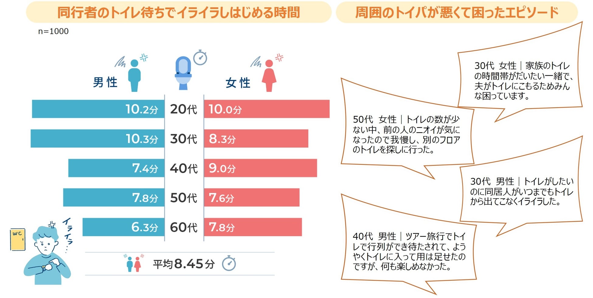 トイパの指標のひとつであるトイレ時間が、周りにどう影響を与えるかも聞いてみました。友人や家族と一緒の外出時、同行者のトイレ時間がどのくらいの長さまでなら、気にせずに待てるでしょうか。調査によると、平均で8.45分を越えるとイライラするという結果が出ています。実は若い年代ほど寛容な傾向があり、20代は男女ともに10分程度はイライラせずに待っていてくれるようです。逆に、もっとも短いのは60代男性で6.3分でした。周囲の人との人間関係にも関わってくるのであれば、トイパの悪さを放っておくわけにはいきません。
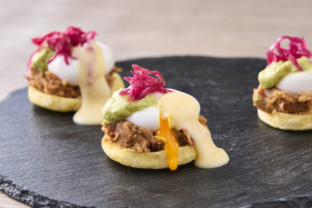 ほろほろにほぐしたプルドポークを、ベネディクトスタイルで仕上げた一皿。
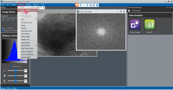 2.在图像中框选合适范围,框选完成后点击菜单“Process”再点击“FFT”。
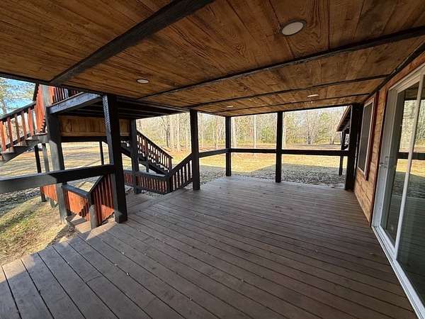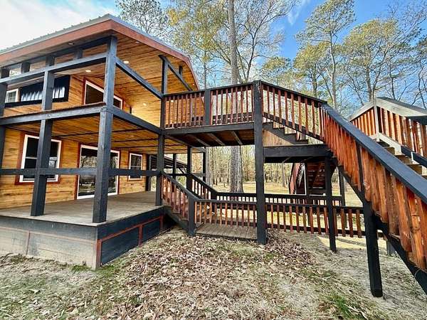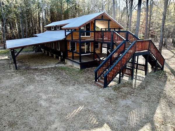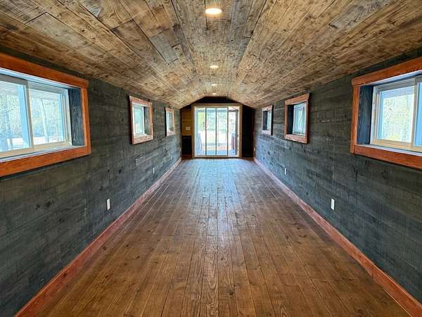 The cabin's lower level consists of an open-concept layout with one bathroom, while the upstairs features a narrow loft-style space with several windows and small front and back porches. The loft's beautifully refinished wood ceilings and floors provide the perfect location for displaying taxidermy mounts. A dual-access front porch provides entry to both the cabin's main level and the upper story, creating a rustic aesthetic that beautifully complements the property.
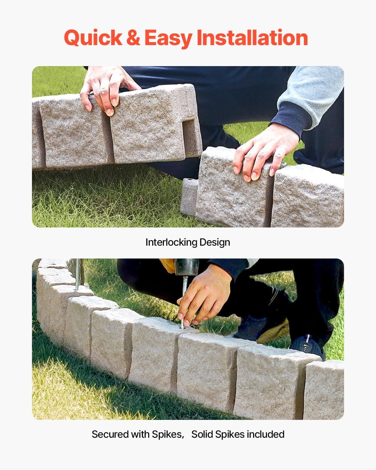 VEVOR Faux Stone Landscape Edging, No Dig Garden Edging Border, Flexible Blocks for Lawn Edging, Flower Beds, Driveway, Yards with 12 Spikes, 4 Pack 24 Bricks 16FT Kit, 47.2″ Lx 4″ W x 9″ H, Beige(Beige)
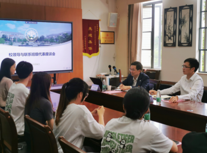 5月9日下午,校党委常委、副校长何传添在院系楼401金融学院会议室与对点联系班级金融学2101班学生代表进行座谈,共话成长发展。金融学院党委副书记张清达主持座谈会。会上,何传添励同学们分享在大学求学、生活过程中经历的大小挑战和成长感悟,认真记录同学们对学业发展、班级建设、党团活动等方面的感悟体会。他结合自身多年的工作经验和生活阅历,就同学们的疑问困惑进行了耐心细致的解答或探讨,并高度评价了同学们在座谈会中所展示出的热情与勇气,鼓励大家将现阶段的思考探索转化为未来发展规划动力。
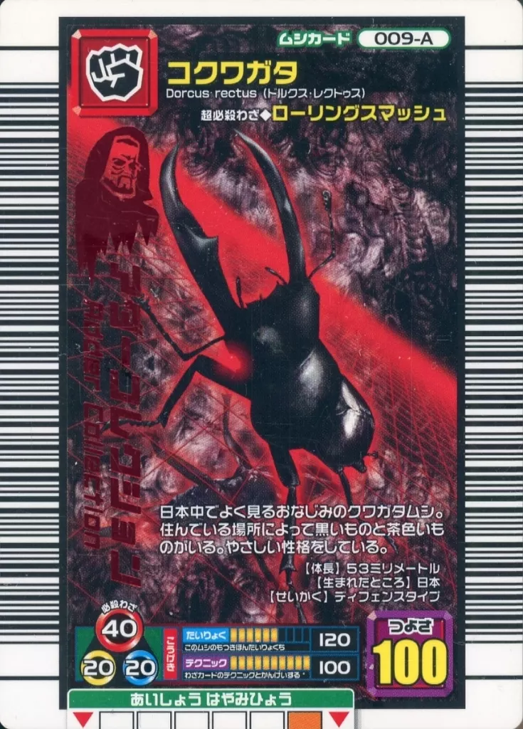 分類:ムシカード/レア度:キラ赤シリーズ:2006 ファースト商品解説■甲虫王者ムシキングはキミの町のショッピングセンター・ゲームセンターにおいてある甲虫バトルゲームだ!!カードを使って世界中の甲虫による大はく力のムシバトルが楽しめるぞ!
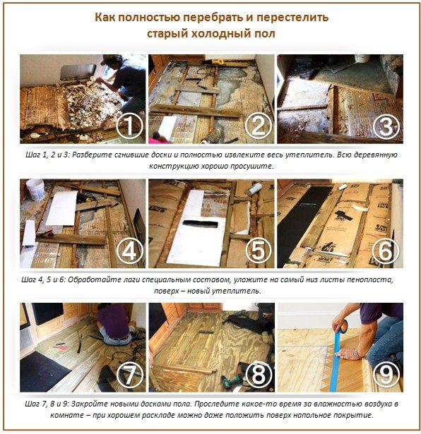 - Естественото дърво, от което се правят дъски за подове, в крайна сметка се влошава и изсъхва. Образуват се пукнатини. През тях навлиза студен въздух, който охлажда подовете. Ако къщата е стара, тогава е разбираемо защо подовете са студени.

WHAT IS EXPECTED.
Copy exactly, without pictures, the lines above from the one with "2.在图像中框选合适范围,框" down to the one with "5月9日下午,校党委常委、副", inclusive.

WRITTEN ANSWER.
 2.在图像中框选合适范围,框选完成后点击菜单“Process”再点击“FFT”。
 The cabin's lower level consists of an open-concept layout with one bathroom, while the upstairs features a narrow loft-style space with several windows and small front and back porches. The loft's beautifully refinished wood ceilings and floors provide the perfect location for displaying taxidermy mounts. A dual-access front porch provides entry to both the cabin's main level and the upper story, creating a rustic aesthetic that beautifully complements the property.
 VEVOR Faux Stone Landscape Edging, No Dig Garden Edging Border, Flexible Blocks for Lawn Edging, Flower Beds, Driveway, Yards with 12 Spikes, 4 Pack 24 Bricks 16FT Kit, 47.2″ Lx 4″ W x 9″ H, Beige(Beige)
 5月9日下午,校党委常委、副校长何传添在院系楼401金融学院会议室与对点联系班级金融学2101班学生代表进行座谈,共话成长发展。金融学院党委副书记张清达主持座谈会。会上,何传添励同学们分享在大学求学、生活过程中经历的大小挑战和成长感悟,认真记录同学们对学业发展、班级建设、党团活动等方面的感悟体会。他结合自身多年的工作经验和生活阅历,就同学们的疑问困惑进行了耐心细致的解答或探讨,并高度评价了同学们在座谈会中所展示出的热情与勇气,鼓励大家将现阶段的思考探索转化为未来发展规划动力。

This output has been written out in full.